Goblins, Ghouls, and Ghosts

"Where there is no imagination, there is no horror," wrote Sir Arthur Conan Doyle, father of Sherlock Holmes and imaginer of quite a few horrors in his day. If that's so, the week before Halloween showed just how many fevered imaginations were working overtime in an effort to concoct ever-more-unimaginably horrific scenarios. The fourth installment of the Saw franchise went splatter, delighting petrified audiences and "butchering" the competition at the box office; the escapist entertainment may well reinforce the very office culture many watchers are fleeing, as one critic argues that the films are parables for middle managers. Whatever the buried message, crowds are eating it up (and they can look forward to at least two new installments, which are being shot back to back right now, perhaps as a hedge against a writers' strike), and when theatergoers weren't lapping up sadistic horror games, it was Alaskan vampires that caught their fantasy, with 30 Days of Night the week's third most-watched movie.

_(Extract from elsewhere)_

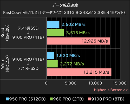950 PROが231GiBのファイル転送を行った場合、読み出しで95秒、書き込みで163秒を要した。読み書き速度が向上した960 PROでも、読み出しで70秒、書き込みでは109秒かかっているのだが、9100 PROは読み出しで19.2秒、書き込みでは18.8秒でファイル転送を完了した。

And while Halloween may be upon us, the trailers running before these gruesome flicks suggest that studios have opted to ignore the traditionally uplifting themes associated with the upcoming holidays, and are sticking instead to darkness and death. Vampires will be back in time for Christmas in the hotly anticipated I Am Legend (trailer here), Will Smith's last-man-on-earth horror fantasy, which boasts the most expensive scene ever shot in New York City ($5 million for 60 frantic seconds on the Brooklyn Bridge). Coming soon after that is Sweeney Todd (first trailer here, second one here), the latest holiday hallucination from Tim Burton (whose classic The Nightmare Before Christmas is now back in theaters); adapted from Steven Sondheim's award-winning musical, it stars Johnny Depp as a wrathful Victorian barber slashing his way to vengeance. And opening on Christmas Day is Alien vs. Predator: Requiem (gory red-band trailer here), which will star a goblin-like creature called a "predalien"—the bastard offspring of two of the 1980s' most famous movie monsters—which sounds like a joke, but is actually just a reflection of the sequel-crazed state of the studios today. Also not a joke is the movie's tag line, "There will be no peace on earth," a naked bid for the same kind of free publicity that outraged holiday purists bequeathed upon Black Christmas last year. What is a joke is the suggestion, floated on the Internet after J.K. Rowling's recent Dumbledore revelation, that Predalien might be gay.

Despite the fact that there's clearly no shortage of scary monsters haunting screens these days, Pan's Labyrinth director Guillermo del Toro is reportedly pondering reanimating one of the movies' greatest ghouls, Frankenstein, one more time (at the moment, he has his hands full with another conflicted creature, since he's making a second Hellboy movie; the site just launched). Meanwhile, Mel Brooks' beloved musical parody of the Frankenstein fable, Young Frankenstein, is currently limping to the Broadway stage, where, despite a backlash over exorbitant ticket prices and a Dr. Frankenstein with a herniated disc, it's set to open November 8th.

Turning from ghouls to ghosts, Peter Jackson's adaptation of Alice Sebold's best-seller The Lovely Bones, about a teenaged girl who watches and subtly influences her family from heaven after she's murdered, got an eleventh-hour shakeup just as filming was to begin, when star Ryan Gosling was replaced by Mark Wahlberg. (The New York Post promptly stirred the pot by claiming Gosling had been fired, while Gosling insisted he'd left voluntarily, feeling he wasn't right for the part.)

However, the week's best ghost story was about no ghost at all—it was about Owen Wilson, who rematerialized on MySpaceTV to chat, for the first time since his August suicide attempt, with friend and collaborator Wes Anderson about The Darjeeling Limited. While different commentators parsed the segment, which contained no reference to Wilson's recent problems, in different ways, it was great to see the actor smiling and talking, back in the land of the living.

Happy Halloween—eat, drink, and be scary!